On November 4, 2021 the end-payor class in antitrust litigation alleging anticompetitive conduct in the market for combination antiretroviral therapy (“cART”) drugs announced a $10 million settlement with Defendants Bristol-Myers Squibb Company and E.R. Squibb & Sons, L.L.C. (“BMS”). The cART antitrust litigation is pending in the Northern District of California before Judge Chen.

This is the first settlement announced in the cART litigation, which has been pending since 2019 and alleges that drug makers through a series of agreements frustrated competition from generic products in the cART market.

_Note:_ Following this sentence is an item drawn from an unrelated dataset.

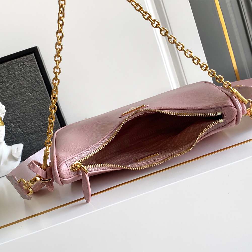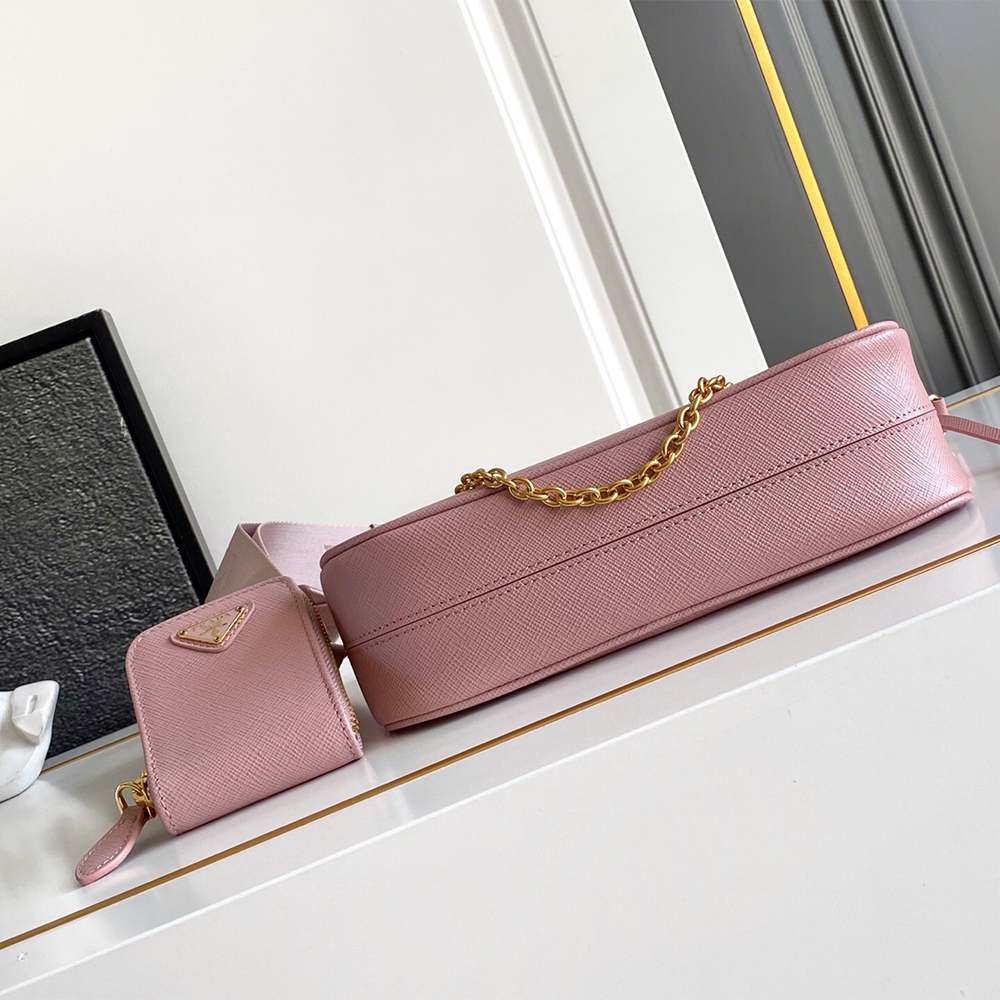 This bag can comfortably hold an iPhone 17 Pro Max, a small Prada wallet and other small items.

The damages classes proposed in the settlements include the drugs Atripla, Evotaz, Complera, Stribild, and Truvada, and $7.5 million will be allocated to end-payors on a pro rata basis for purchases from May 14, 2015 through and until October 13, 2021. The BMS drugs involved in the settlement are relatively low revenue; Evotaz had less than $70 million in revenues in the U.S.

The settlement reflects that Judge Chen has ruled that BMS cannot prevail on a theory of overarching conspiracy for the cART market, including any claims that BMS conspired with Janssen and Gilead with respect to a larger cART market. $5 million of the settlement is allocated to “TPP purchasers of Evotaz and of Atripla, Truvada, Complera, and Stribild for forgoing the possibility of getting appellate reversal of this Court’s decision that BMS is not liable for participating in Gilead’s overall monopolization.”

Staley et al. v. Gilead Sciences Inc., et al., No: 3:19-cv-02573 (N.D. Cal.)